Rabbi in England, Australia, and the United States

Teacher at Yeshiva University

Personal life
- Born: October 17, 1901 Vitebsk, Russia
- Died: December 4, 1982 (aged 81)
- Notable work(s): Translations of the Talmud, Midrash Rabbah, and Encyclopedia Talmudit
- Education: University of London, Etz Chaim Yeshiva, Jews College
- Occupation: Rabbi, author, translator, teacher

Religious life
- Religion: Judaism
- Denomination: Orthodox

= Harry Freedman (rabbi) =

British rabbi

Harry Mordecai Freedman (17 October 1901 – 4 December 1982) was a rabbi, author, translator, and teacher. Among his more famous contributions are his translations done for several tractates of the Talmud, Midrash Rabbah, and Encyclopedia Talmudit.

==Biography==
Freedman was born in Vitebsk, Russia in 1901. His family moved to England and he grew up in London.
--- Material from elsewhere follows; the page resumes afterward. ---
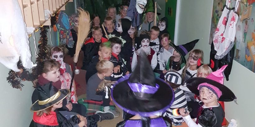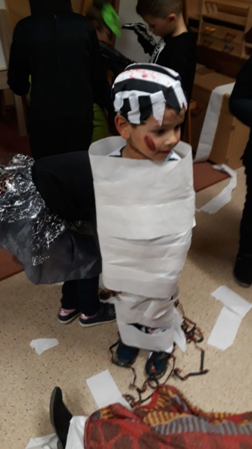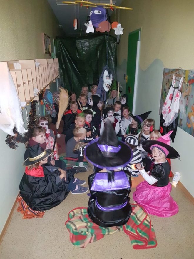 Am 30.10.2019 fand in unserer Kita ein schauriges Halloweenfest statt. Die Eltern bereiteten für die Kinder Gruselbowle und gruseliges Essen vor. 17 Uhr ging es dann los und die Kinder der Bären- und Hortgruppe kamen gruselig verkleidet in die Kita. Nach einer schaurigen Geschichte zur Einstimmung, starteten die lustigen Spielen. Als Erstes wurden einige Kinder zu Mumien eingewickelt, das war ein Spaß, nach einer kurzen Stärkung ging es weiter mit Stopp- Tanz und „Kleines armes Gespenst“ spielen.

He studied at the Etz Chaim Yeshiva, received a BA from the University of London, semicha from Jews College, and a PHD from the university of London
(in 1923, 1924, and 1930 respectively).
He served in pulpit positions in England, Australia, and the United States, and served as a teacher at Yeshiva University.

==Family==
Freedman was father in law to prominent Melbourne lawyer, Arnold Bloch.

==Published works==
===Translations===
Freedman made several significant contributions as a translator.
- Eight volumes of the Babylonian Talmud as part of the Soncino English edition of the Talmud.
- Midrash Rabbah (10 volumes), with Maurice Simon.
- Several volumes of Menachem Mendel Kasher's Torah Sheleimah, called The Encyclopedia of Biblical Interpretation in English.
- Encyclopedia Talmudica, the English edition of Encyclopedia Talmudit.
- Israel Passover Haggadah, an English Translation of Kasher's הגדה ארצישראלית

===Books===
- One Hundred Years: The Story of the Melbourne Hebrew Congregation 1841-1941 (1941)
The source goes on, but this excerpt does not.